To be sure, certain cooperative agreements may give rise to contracts over which this court may have jurisdiction. See, e.g., Spectrum Sciences v. United States, 84 Fed. Cl. 716, 722-23 (2008); PDR, Inc. v. United States, 78 Fed. Cl. 201, 204-05 (2007). But, the agreement in question, even if signed, did not. This is because the cooperative agreement itself plainly states that it is not an agreement that creates any binding rights or obligations:
Cf. Spectrum Sciences, 84 Fed. Cl. at 722-26. In addition, the cooperative agreement also provides that "OSHA provides no funding to the online training provider for the conduct of OSHA Outreach Training Program online classes or any other purpose under this agreement." Therefore, even if the cooperative agreement had been properly executed, money damages are unavailable, as the contract "expressly disavow[s] money damages." Holmes v. United States, 657 F.3d 1303, 1314 (Fed. Cir. 2011); see also Rick's Mushroom Serv., Inc. v. United States, 521 F.3d 1338, 1343 (Fed. Cir. 2008); Ransom v. United States, 900 F.2d 242, 244 (Fed. Cir. 1990).

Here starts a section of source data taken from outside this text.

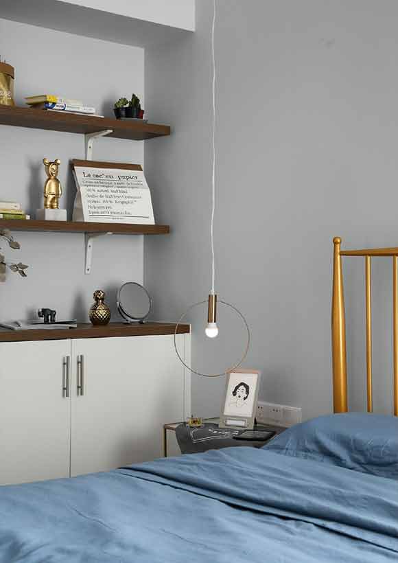 床架旁的墙面定制了一组矮柜,墙面安装了置物架,提升卧室的收纳能力,装饰效果也非常不错。床头处放置了简易的床头柜,再挂上一盏时尚的小吊灯来点缀,兼具了现代风格的时尚感和北欧风的舒适感。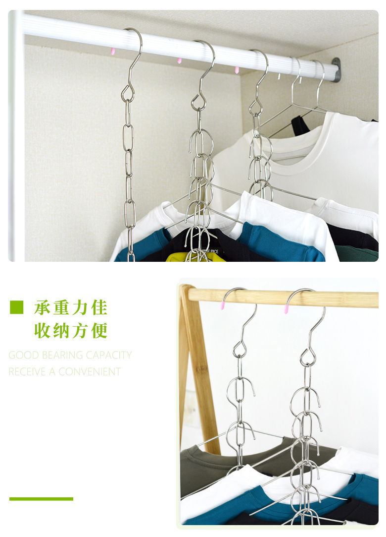 不锈钢晾衣链衣柜收纳链10衣架收纳神器创意衣橱服装多功能挂衣钩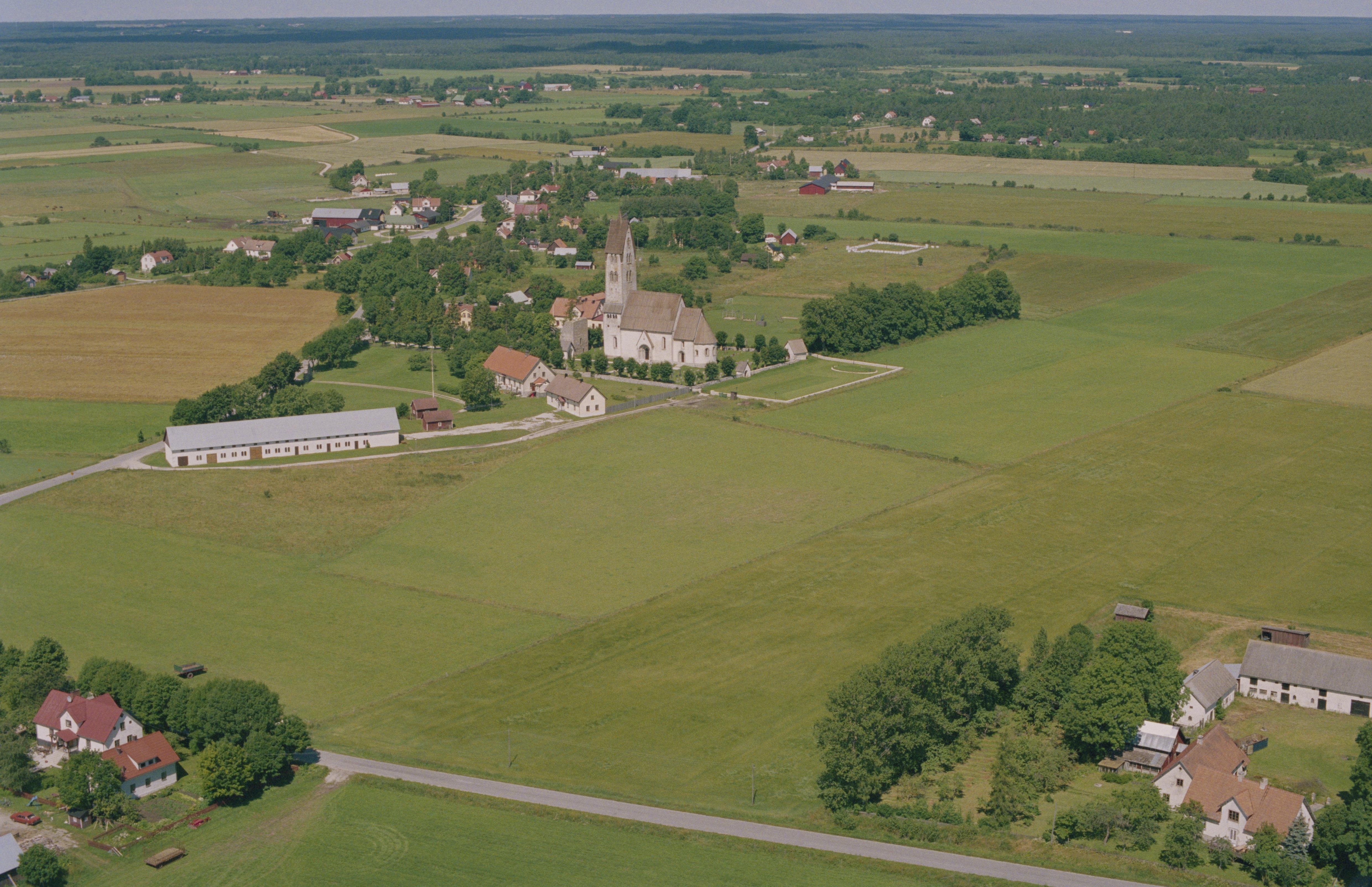 Beskrivning: Gothems kyrkby. Gothems kyrka över bildens mitt. Vid kyrkan flatmarksgrav RAÄnr Gothem 219:1. Bilden är tagen mot (väderstreck): NNV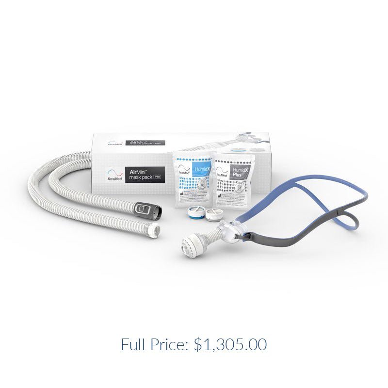 The AirMini™ with P10 Setup Pack (Mask Included) comes with everything needed to start using your AirMini. Compatible masks: P10 for AirMini, N20 with Setup Pack, N30 with Setup Pack, F20 with Setup Pack, and F30 with Setup Pack. No other masks are compatible.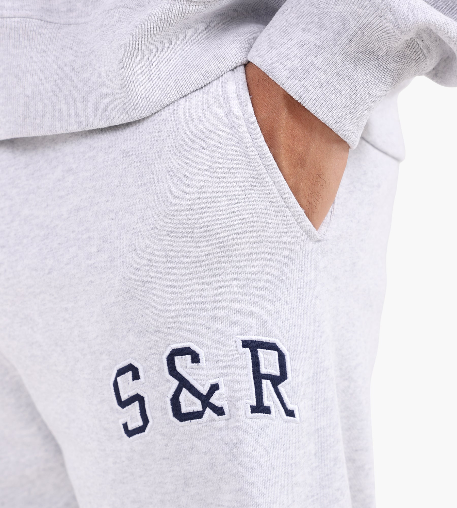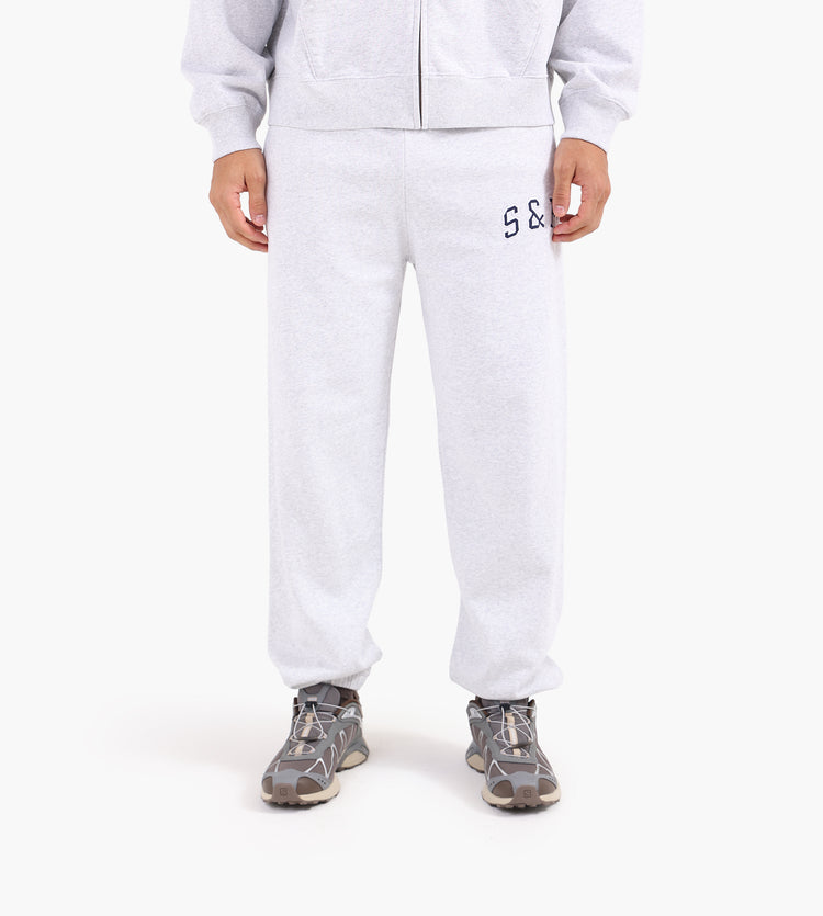 The S&R Ivy Sweatpant by Sporty & Rich in Heather Gray/Navy combines timeless collegiate aesthetics with premium craftsmanship. Made from 100% cotton in a substantial 11.5 oz weight, these sweatpants are garment dyed for a rich, lived-in texture that improves with wear. Navy 'S & R' lettering contrasts against the light gray backdrop, offering a refined nod to classic athletic wear.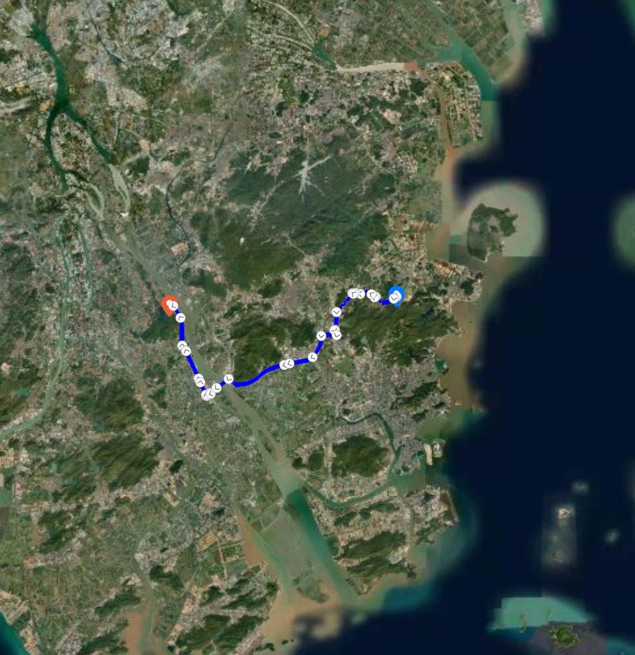 此处展现了磨刀门水道-河口-(水下)三角洲地貌以及和波浪的关系。三角洲环境是河流入海后形成的一套特殊的沉积相组合。河口为河流终点,即河流注入海洋的地方。 三角洲是在河流流入海洋、半封闭海、障壁保护的潟湖以及内陆湖等固定水体处形成的岸线突出部位的沉积。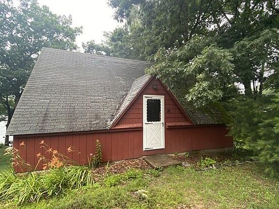 Highest & Best by Tuesday, July 28th, 2pm. ***Please see disclosures*** So much potential on Thompson Pond for this cute Bungalow. Great lot in a cove with approximate 50 ft. of frontage. Appears to have solid bones. Main level is framed for 2 bedrooms, kitchen, bath & living room with fireplace. Loft is framed on second level. Huge walkout basement with high ceilings and another huge fireplace. Roughed for a 2nd bath in basement. Electric is active in house. Cesspool on property & shallow well with non-potable water according to family members will not pass. CASH ONLY!!!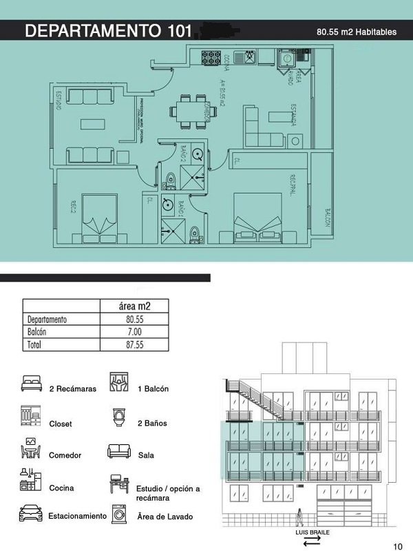 La propiedad cuenta con una superficie de 80.55 m², distribuidos en dos recámaras, dos baños completos, sala-comedor, cocina, un estudio con posibilidad de adaptarse como tercera recámara, y un balcón de 7 m². Incluye un cajón de estacionamiento.

While the contract itself is plainly not a source of money damages, plaintiff in its complaint and in the argument held on defendant's motion invoked the Federal Grant and Cooperative Agreement Act of 1977, 31 U.S.C. § 6303, inter alia, as a potential source of jurisdiction. Essentially, plaintiff argues that the cooperative agreement is a "procurement" as defined in 31 U.S.C. § 6303; that OSHA, in soliciting applications for online training providers, has engaged in a procurement, and therefore that this court has jurisdiction under 28 U.S.C. § 1491(b)(1). Plaintiff supports its argument by pointing to the court's decision in 360Training.com, 106 Fed. Cl. 177, asserting that the fact that "jurisdiction was proper under this specific and exact set of facts . . . in 360Training.com" somehow confers jurisdiction over this matter. But, 360Training.com was a bid protest matter, brought pursuant to 28 U.S.C. 1491(b), in which the court held that the Notice was issued in connection with the acquisition of property, making bid protest jurisdiction proper. See 360Training.com, 106 Fed. Cl. at 180; see also 28 U.S.C. § 1491(b)(1). Plaintiff's complaint does not assert such a claim here. Nor does it appear that jurisdiction should otherwise obtain here.
Finally, plaintiff asserts that it relied, to its detriment, upon the benefits proposed by OSHA, including (i) a non-financial cooperative agreement with OSHA; (ii) a listing on OSHA's website; (iii) the significant growth in online training and web-based distance learning; and (iv) indirect funding as an awardee authorized to charge fees. In addition, plaintiff contends that based upon its reliance upon the award letter, it incurred in excess of $360,000 in order to prepare for the performance of the anticipated work. The decisional law, however, makes clear that a claim based upon detrimental reliance is one based upon promissory estoppel. Copar Pumice Co., Inc. v. United States, 112 Fed. Cl. 515, 538 (2013); Corrales v. United States, 56 Fed. Cl. 283, 285 (2003). And the same law makes clear that this court lacks jurisdiction over such a claim. Hercules, Inc. v. United States, 516 U.S. 417, 423-24 (1995); Intl Data Prods. Corp. v. United States, 492 F.3d 1317, 1325 (Fed Cir. 2007); Sinclair v. United States, 56 Fed. Cl. 270, 281 (2003).
The court will not gild the lily. For the reasons discussed above, the court hereby GRANTS defendant's motion to dismiss under RCFC 12(b)(1) and RCFC 12(b)(6), and orders the Clerk to dismiss the complaint for lack of jurisdiction.